Seiyuu and show creator Masumi Asano sums it up for us.
Seiyuu and show creator Masumi Asano sums it up for us.

2 thoughts on “The finale finales of Summer 2015: Jitsu wa, Seiyuu

  1. >It’s not like Nisekoi, where you could tell the cheap tricks (walking in on an innocent but suggestive scene, etc) were being used deliberately and with cruel glee by the winking creators

    Sure they did. What makes you think otherwise? Both were “average” harem anime dressed up with a little goofball comedy to make them more special. It sounds like you just didn’t want to think Jitsu was winking at the audience as much, as I’m not sure how anyone could miss that, except in order to intentionally be harsh on it.

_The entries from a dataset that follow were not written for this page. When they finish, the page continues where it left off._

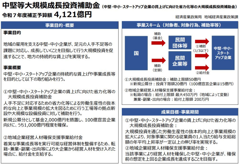 正式名称は「中堅・中小スタートアップ企業の賃上げに向けた省力化等の大規模成長投資補助金」で、工場新設や大規模な物流拠点整備など、投資額が20億円(100億宣言企業の場合は15億円)を超えるような事業を支援します。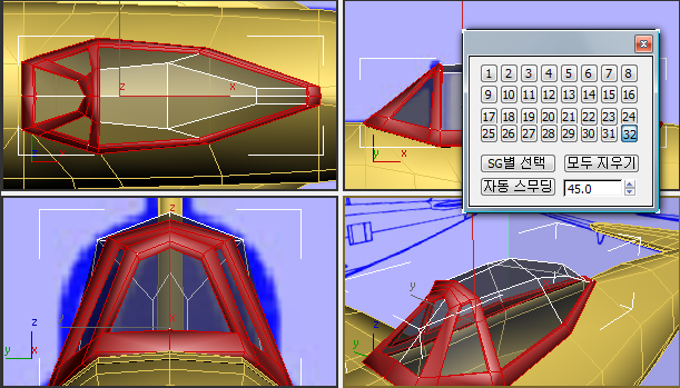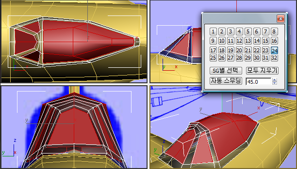 드롭다운 부분에서 3ds Max에 스무딩 그룹 대화상자가 열립니다.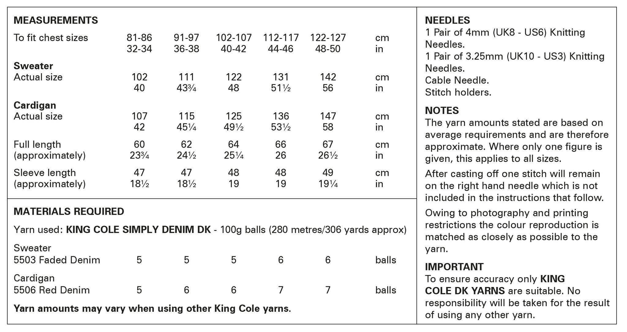 - Please see second image for suggested yarns, needle sizes and quantities required to make the garments

    1. I beliee there’s a difference. In Nisekoi at its best (and I admit it wasn’t always at its best) the creators played with the misunderstandings and gags to an extent that they were part of the show as much as the story itself was. “How is Onodera’s latest attempt at a confession going to get screwed up THIS time? Ah, a baseball through the window!” Such playfulness lifted the show out of the “average” category, in my opinion. Jitsu used the gags and misunderstandings the way most shows do, and it had its moments, but not enough for me to consider it more than average, or mediocre.